Why Context Size Isn’t Everything: A Practical Guide to AI Agent Context Engineering
The article explains that an AI agent’s performance hinges not on how much context is fed to it but on what information is placed in the main thread, and it presents a six‑layer framework—prompt, rule files, skills, MCP, subagents, and artifacts—to systematically engineer context for reliable coding agents.
Layer 1 – Prompt holds the current task contract
A prompt should contain only the four elements that define the immediate work: Goal, Context, Constraints, and Done‑when criteria. Example (OpenAI Codex best practices [1]):
Goal: Fix the checkout page when the coupon API returns 500 and orders cannot be submitted.
Context: Relevant code is in apps/web/src/checkout, error log at logs/checkout-500.log.
Constraints: Do not modify the payment SDK; keep existing error‑message style; do not add new dependencies.
Done when: New or updated tests pass; local checkout tests run; root cause and risk are documented.Repeating static constraints in every prompt inflates the main thread; such durable rules belong elsewhere.
Layer 2 – AGENTS.md / CLAUDE.md store durable rules
Persistent project rules are kept in AGENTS.md (OpenAI) or CLAUDE.md (Anthropic). They should include:
Repository structure (business code, tests, scripts, generated artifacts)
Common commands (run unit tests, type‑check, format, build)
Edit boundaries (files or directories that must not be touched, directories that require extra confirmation)
Acceptance criteria (conditions for task completion)
Team preferences (naming, error handling, logging, documentation, commit messages)
Known pitfalls (historical failure points)
They should exclude vision statements, outdated introductions, generic AI advice, abstract principles, or mismatched commands. The default size limit is 32 KiB ( project_doc_max_bytes) [2], encouraging governance of rule files.
Layer 3 – Skill encapsulates repeatable workflows
A workflow that is used repeatedly should be promoted to a Skill. Signals that a process qualifies as a Skill:
Appears in three or more tasks
Contains multiple ordered steps that cannot be expressed in a single prompt
Has checkpoints, failure branches, or manual confirmations
Is portable across projects or teammates
Requires assets such as scripts, templates, or configurations
Example: an article‑production pipeline (topic selection, research, drafting, formatting, proofreading, image insertion, HTML generation, WeChat draft publishing) is a Skill rather than a prompt.

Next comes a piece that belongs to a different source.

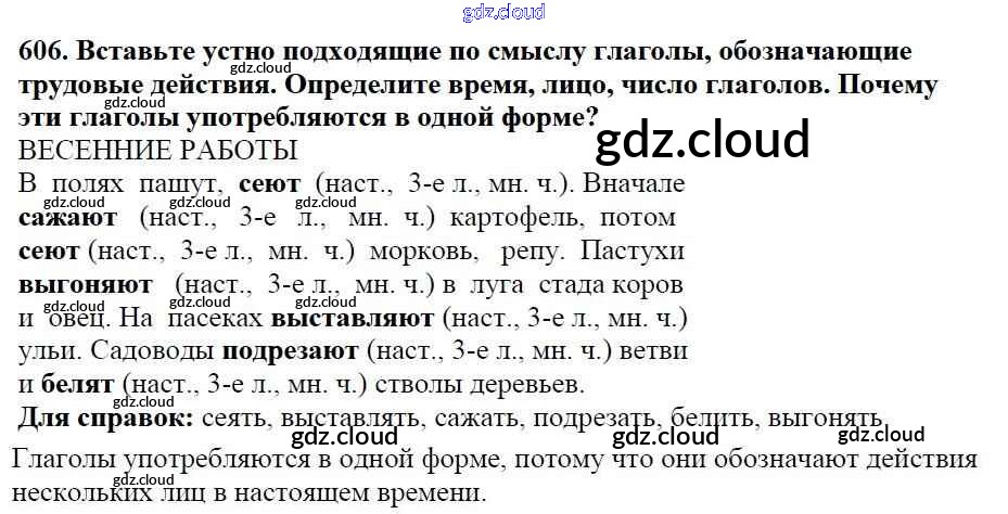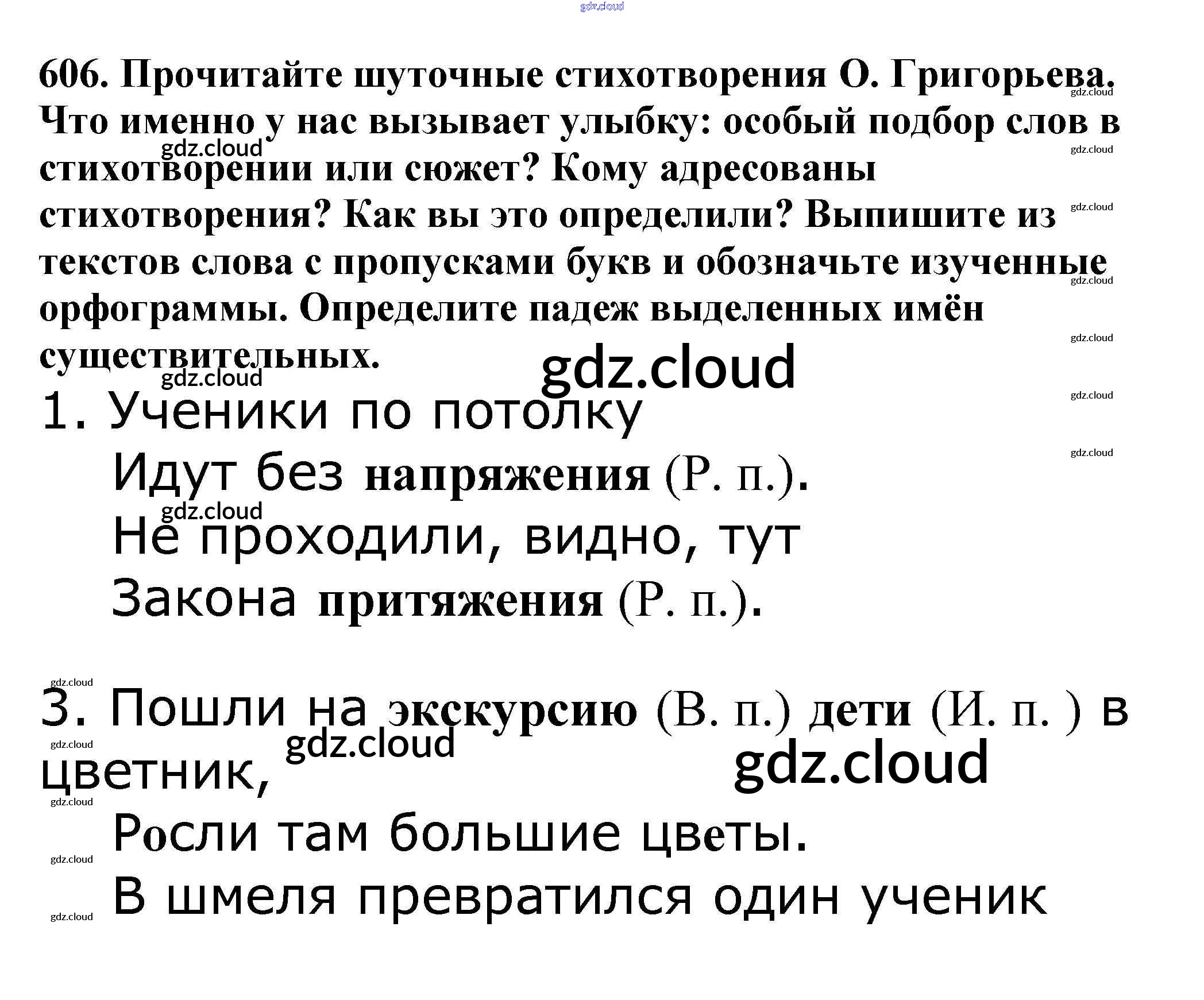 Ответ на задание 606 Учебник Русский язык за 5 (пятый) класс Баранов, Ладыженская, Тростенцова, Кулибаба, Григорян 2016, 2019 Часть 1, 2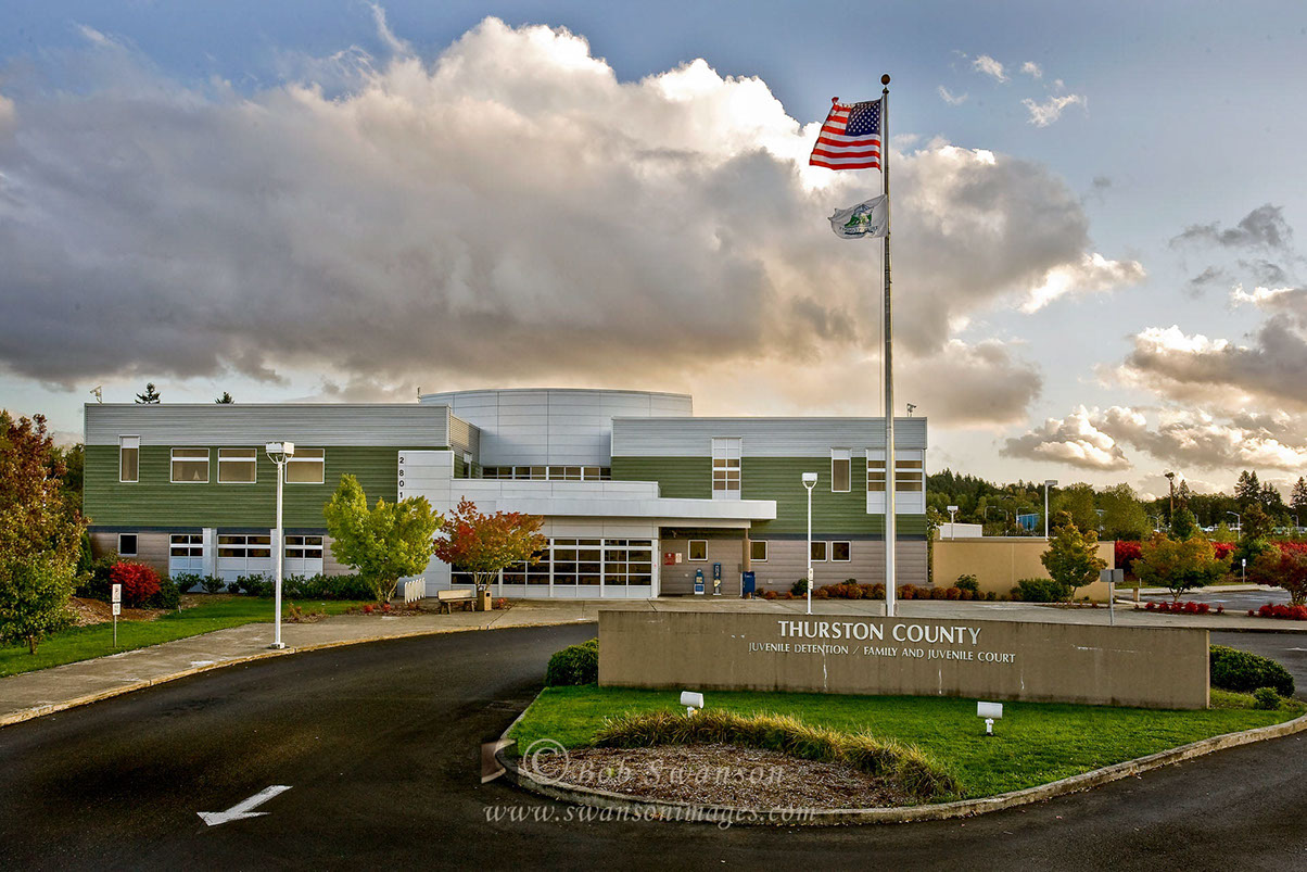 Thurston County Juvenile Justice Prison Facility entry with American flag Olympia , WA.

Layer 4 – MCP provides controlled external context
The Model‑Context‑Protocol (MCP) lets agents call external tools (logs, databases, monitoring, cloud services) without copying data into the prompt. MCP defines a data layer (tools, resources, prompts, notifications) and a transport layer (communication, authentication) [4]. Adding MCP introduces two risks:
Irrelevant information can flood the main thread.
Permissions expand, potentially allowing write operations.
Before attaching an MCP, ask four questions:
Is the external data truly more up‑to‑date than repository information?
Does the agent need read, write, or just a summary?
Do tool responses include time, source, sample size, and permission boundaries?
Will failures stop the workflow instead of being wrapped as conclusions?
If any answer is unclear, defer MCP integration. Minimal MCP definition example:
Goal: Enable the agent to troubleshoot production errors.
Needed tools: read‑only log query, read‑only error details, read‑only deployment records.
Unneeded tools: restart services, modify configs, execute write‑SQL, delete alerts.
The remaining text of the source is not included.